Aerial view of the Vaca Mueta site where an important part of Argentine shale gas and oil reserves are located, near the village of Añelo. In the foreground, unconventional gas and oil wells.

A street in the poor neighbourhood of Valentina Norte Rural, on the outskirts of Neuquén, leads to pump jacks. A large section of the neighbourhood has no running water.

Felipe, sitting on his bed in a container (or trailer) that he shares with other workers. For want of sufficient housing, the oil companies have set up trailer parks with cable tv and internet and a gym.

A recently-built residential neighbourhood in Añelo. In 2 years, Añelo. has gone from 2,500 inhabitants to 6,000.

Signposts written by the companies to show where the various wells are in Loma Campana, 8kms from Añelo., a 8 km d'Anielo.

Albino Campos, Jongko, or head of the clan, part of the Mapuche Campo Maripe community, comes to see his goat kids looked after by a shepherd in the Loma Campana area, not far from the oil and shale gas wells.

In the foreground, Mabel serves a maté (traditional drink), Albino Campos, Jongko, or head of the clan of the Mapuche Campo Maripe community is in the background.

This house, at the entrance to the Mapuche community in Campo Maripe, was overrun with sand following the oil company, YPF clearing the weeds. Work started up again a few days ago, and the sand has been cleared to make land for growing things on.

Checho chats to a Mapuche family at the entrance to the Mapuche community in Campo Maripe. The community is fighting against unconventional wells “which pollute water tables and don’t allow us to graze our animals.”

Neuquén province. Aerial view of an unconventional oil and shale gas well.

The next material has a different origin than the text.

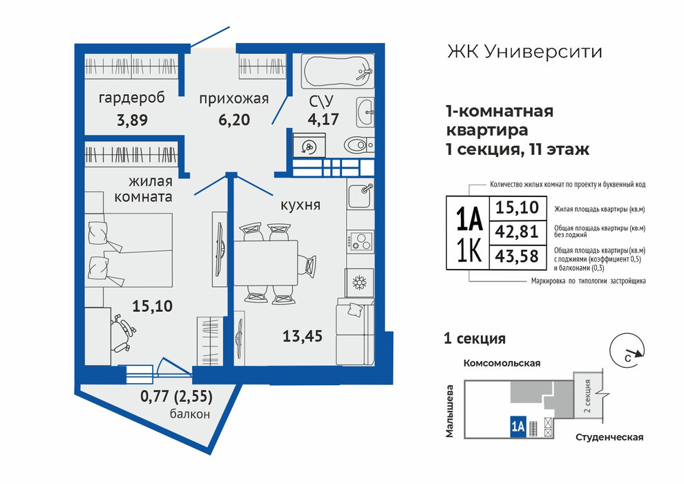Общая площадь:43.58 м2
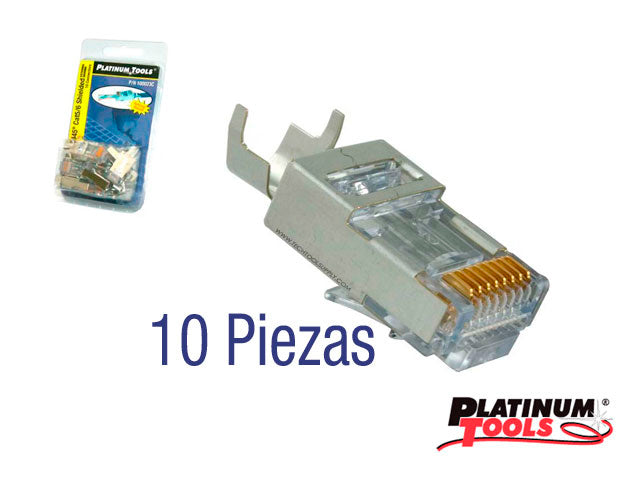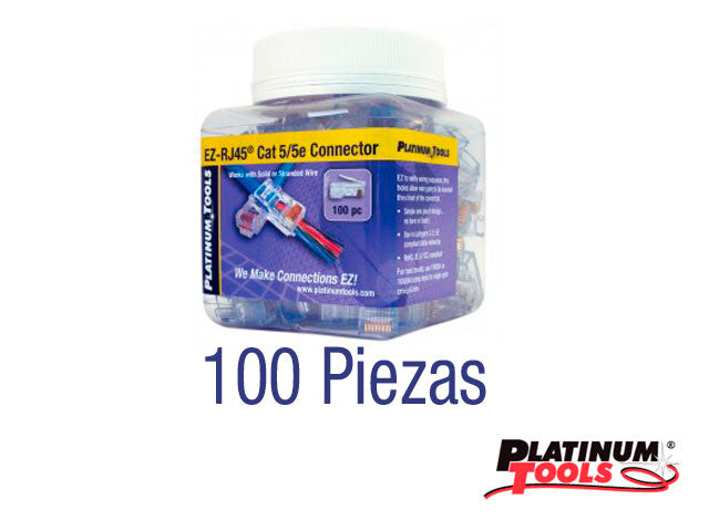 100003C PLATINUM TOOLS El conector patentado EZ-RJ45 100003C simplifica las terminaciones del cable UTP permitiendo que los cables insertados en el conector RJ45 sobre salgan en la punta del conector esto permite que el tecnico compruebe facilmente el orden de los pares del cableado. A traves de los agujeros permiten que los pares de hilos se inserten a traves de la parte frontal del conector para las terminaciones mas rapidas. Funciona con cable solido o trenzado. Diseñado simple de una sola pieza no hay revestimientos. FCC UL clasificado. Compatible con cable de la categoria 5, 5E.

A reservoir belonging to Shell on Sierras Blancas between Neuquén and Añelo. This large body of water mixed with chemicals will be injected more than 3kms down to fracture rock and recover gas and oil.

In the area of Valentina Norte Rural, where there are several pump jacks, a large part of the population doesn’t have running water. The council has taken on a subcontracting company who distributes water that is not drinkable for watering and washing. This water is rationed per inhabitant.

The Mapuche community of Campo Maripe breed goats. They are left to graze in the Loma Campana area, not far from the unconventional oil wells.

The company Real Work produces covers containing chicken feathers that allow toxic leaks to be soaked up around the wells. They are then stored on the ground in the open air on a several-hectare plot of land a few kilometres from the town of Cutral Co.

Ariel 41, drinking a mate inside his trailer in the Mapuche community of Campo Maripe. Ariel was engaged by the company YPF petroleum to flatten land in the grounds of the community. In exchange for the right to exploit unconventional wells, YPF has promised the Mapuche community to make cultivable land. But the work has been interompus and Ariel was unemployed and contract debts. He reclames the firm the equivalent of 15,000 euros.

Inside the Mapuche community of Campo Maripe.

At the end of October 2014, near Neuquen, one of the companies authorized by the authorities to reprocess the waste oil (Indarsa) broke one of his ponds, which was not up to standard. The waste flows over 500 meters, near poor neighborhoods. Here, few days later, a worker continues cleaning.

Aerial view of the town of Neuquén, capital of the province of the same name.

lare near Allen, 30kms from Neuquén.